### Task brief
Examine the material below. Gather every line in which the string "that" appears.

### Given records
# # #

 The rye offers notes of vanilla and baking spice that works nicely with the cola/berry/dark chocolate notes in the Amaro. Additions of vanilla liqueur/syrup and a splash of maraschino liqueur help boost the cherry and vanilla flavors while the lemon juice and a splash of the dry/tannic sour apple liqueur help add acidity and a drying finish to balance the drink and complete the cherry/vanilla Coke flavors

# # #

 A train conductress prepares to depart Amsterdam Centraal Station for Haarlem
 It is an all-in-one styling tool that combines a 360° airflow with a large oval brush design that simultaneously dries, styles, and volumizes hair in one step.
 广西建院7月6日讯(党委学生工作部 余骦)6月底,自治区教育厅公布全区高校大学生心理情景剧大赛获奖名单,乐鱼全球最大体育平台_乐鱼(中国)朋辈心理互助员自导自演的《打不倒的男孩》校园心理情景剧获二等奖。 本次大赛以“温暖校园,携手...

# # #

### Problem solution
 The rye offers notes of vanilla and baking spice that works nicely with the cola/berry/dark chocolate notes in the Amaro. Additions of vanilla liqueur/syrup and a splash of maraschino liqueur help boost the cherry and vanilla flavors while the lemon juice and a splash of the dry/tannic sour apple liqueur help add acidity and a drying finish to balance the drink and complete the cherry/vanilla Coke flavors
 It is an all-in-one styling tool that combines a 360° airflow with a large oval brush design that simultaneously dries, styles, and volumizes hair in one step.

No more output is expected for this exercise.